Performance of the year

  • In 2013, the injury frequency rates decreased from 2012 (down 71.4% for employees and 27.5% for contractors).
  • In 2013, the declining trend of Greenhouse gas, SOx and NOx emissions continued, benefiting from lower production, energy saving measures and increasing use of natural gas to replace fuel oil.
  • The water consumption rate of Refining & Marketing Division declined by more than 21%.
  • In the 2013, the Refining & Marketing Division reported sharply lower adjusted net loss amounting to €232 million (€179 million in 2012). This decrease reflected plunging refining margins driven by weak demand for refined products and overcapacity, the effects of which were exacerbated by shrinking price differentials between light and heavy crudes due to lower heavy crudes supplies in the Mediterranean area. The negative trading environment was partly counteracted by efficiency and optimization gains. Marketing results declined due to lower sales related to the declining demand for fuels and mounting competitive pressure.
  • 2013 refining throughputs were 27.38 mmtonnes, down 8.8% from 2012. In Italy, processed volumes decreased (down 9.4%) due to the planned shutdown of the Venice Refinery following the Green Refinery project and in all the remaining plants due to their downsizing on the back of declining refining margins. Outside Italy, Eni’s refining throughputs decreased by 5.9% in particular in the Czech Republic.
  • In 2013, retail sales in Italy of 6.64 mmtonnes decreased by 15.2% from 2012. This decline was driven by the current economic downturn and increased competitive pressure. In 2013 Eni’s average retail market share was 27.5% decreasing by 3.7 percentage points from 2012 when sales volumes benefitted from the effect of a promotional campaign made during the summer weekends.
  • Retail sales in the Rest of Europe of 3.05 mmtonnes are substantially unchanged from 2012 (up 0.3%) due to higher volumes marketed in Germany and Austria, almost completely offset by lower sales in the Czech Republic and Hungary.
  • Capital expenditure amounting to €619 million related mainly refining, supply and logistics (€444 million) to improve flexibility and yields, in particular at the Sannazzaro Refinery, and marketing activities for the streamlining of the retail distribution network (€175 million).
  • In 2013 total expenditure in R&D in the Refining & Marketing Division amounted to approximately €33 million, net of general and administrative costs. In the year 6 patent applications were filed.

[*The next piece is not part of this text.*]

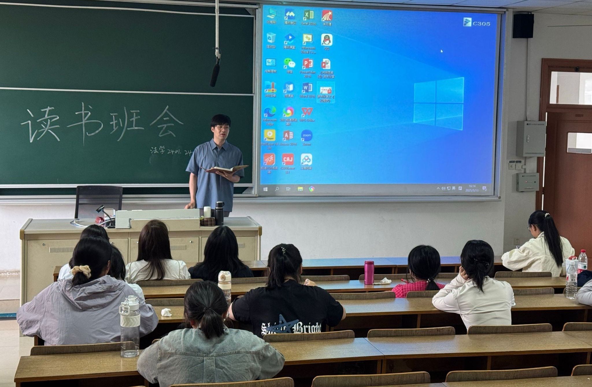 5月13日16:00,黑料网 法学2401与法学2402两个班级在博远楼305教室联合举办了一场别开生面的读书班会。黑料网 法律硕士教育中心主任、法学2402班班主任孙劼老师到场指导。三位同学分享了各具特色的中外文学作品,为现场师生带来一场思想与文学交织的盛宴。

Renovation and recovery of Gela Refinery

In July 2013 Eni announced a plan for the renovation and recovery of the Gela Refinery with a total investment of €700 million. The project is aimed to create an economically sound refinery in order to meet the challenges of a competitive and constantly evolving scenario. The refinery will also be redesigned to be more environmentally friendly and respectful of the local area. When fully operational, with its new industrial and organizational structure designed in 2013, the Gela Refinery will be able to generate profits through products more suited to market requirements (maximized production of diesel and interrupted production of gasoline and polyethylene), while at the same time restoring its reliability, flexibility and operational efficiency.

Smart Mobility

In December 2013, Eni launched in Milan the initiative Enjoy, a car sharing free floating with the objective of developing products and services for sustainable mobility. This service provided in partnership with major Italian players (Fiat, Trenitalia, Cartasì) allows the customers to pick up and release in any part of the covered area and represents a new and economic, sustainable and efficient alternative to owning car. The service is simple and completely online, the tariffs are all inclusive and competitive. The initiative will be launched in other major Italian cities and abroad, in order to develop and implement more innovative products and services related to mobility.